The GPS is a treat tool for getting lost because you always know exactly where you are.  This means taking County Road Double O instead of Highway 14.  This means you see horse manure on the road, a sure sign you're in an Amish enclave.  This means you might see one or two other cars but mostly, you see people standing in fields, mending fences, who actually wave to you as you pass.

So we took backroads there and backroads home, but we detoured to Governor Dodge State Park to take a hike on our favorite trail, the White Pine Trail.  Huge old growth pines, not native to Southern Wisconsin were pushed here by a lobe of a glacier and they decided to stay.  Add to that the riot of wildflowers erupting these days and you're bound to have a great walk.

I had misplaced my little camera and my big camera was on loan, so I borrowed my son's little point-and-shoot and it takes decent pictures.  Here are some of the wildflowers we spotted, by no means a complete inventory of what we were privileged to see yesterday.


Wood anenomes (Anenome quinquefolia) are always lovely, but small and easy to overlook.  They look like a strawberry blossom, and can grow in huge patches, but today I just saw solitary flowers.

May Apples (Podophyllum peltatum) are from the same family as some of the more poisonous plants (it's also locally called Mandrake).  It's related to purple cohosh, which some indiginous folks used for female troubles.  Apparently some still do.  Nature's pharmacy, no?

I like Hepatica, but I always seem to miss their extremely ephemeral flowers. The good news is that like Bloodroot (Sanguinaria canadensis), the leaves are as interesting as the flower.  This is Hepatica acutiloba.  Lovely, subtle leaves, no?
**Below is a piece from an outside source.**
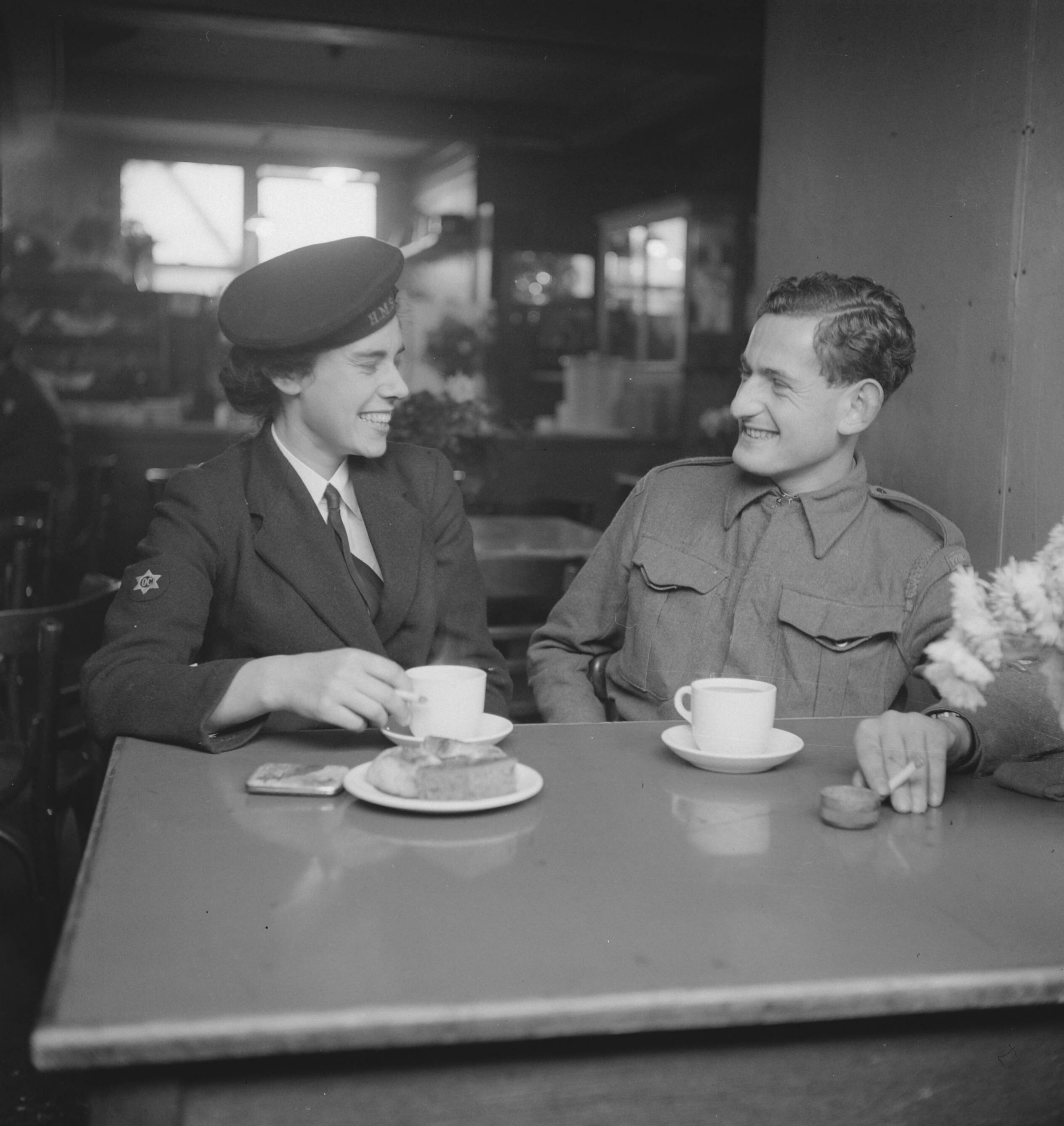 Nederlandse soldaten in training. Prinses Irene Brigade. Bijschrift "We don't know what the joke is all about, but this Wren with a Dutch soldier seems to think it pretty good"

Bellwort (Uvularia grandifloria).  Check out that perfoliate leaf.  I love that.  I have no idea what the adaptive quality of having a leaf surround a stem, or to have a stem grow through a leaf (to each his own), but it makes it easy to identify.

Nodding Trillium (Trillium cernuum) are blooming and we found a few solitary plants as well as a large patch.  According to my friend Megan, the north woods trillium are so thick it "looks like a Kleenex factory blew up."  Trenchant metaphor, sis.

Marsh Marigolds (Caltha palustris) are also called "Cowslips."  I don't know the etymology of that.  Maybe cows like 'em.  They're in the buttercup family (Ranunculaceae)* so they're technically not marigolds at all.

I saw lots of other cool plants and even a really lovely bird (a Scarlet Tanager, which Eagle Eye spotted sitting on a rotten log).  Good catch, Ian.

It's amazing to live in a place of such beauty, such diversity, such richness.  Some of you know I grew up in Southern California, which is essentially a desert if it weren't for sprinklers and irrigation.  Sure, the flora and fauna of So Cal has its beauty...a whole hillside covered with California Golden Poppies is breathtaking.  But the variety, for the most part, isn't there.  Monocultures are unhealthy at best and ugly at worst.  So coming to Wisconsin 25 years ago was a spiritual thing for me.  Not only is there an embarrassment of riches in the diversity of the plant life, you multiply that diversity by a factor of four, as each season has its differences.  Spring ephemerals are just need to take time to look right now or else you miss it for another year.

The good news: there's always next year.

Respectfully submitted,


*I spelled Ranunculaceae without looking. I am justifiably proud of my official botany geek status. :-)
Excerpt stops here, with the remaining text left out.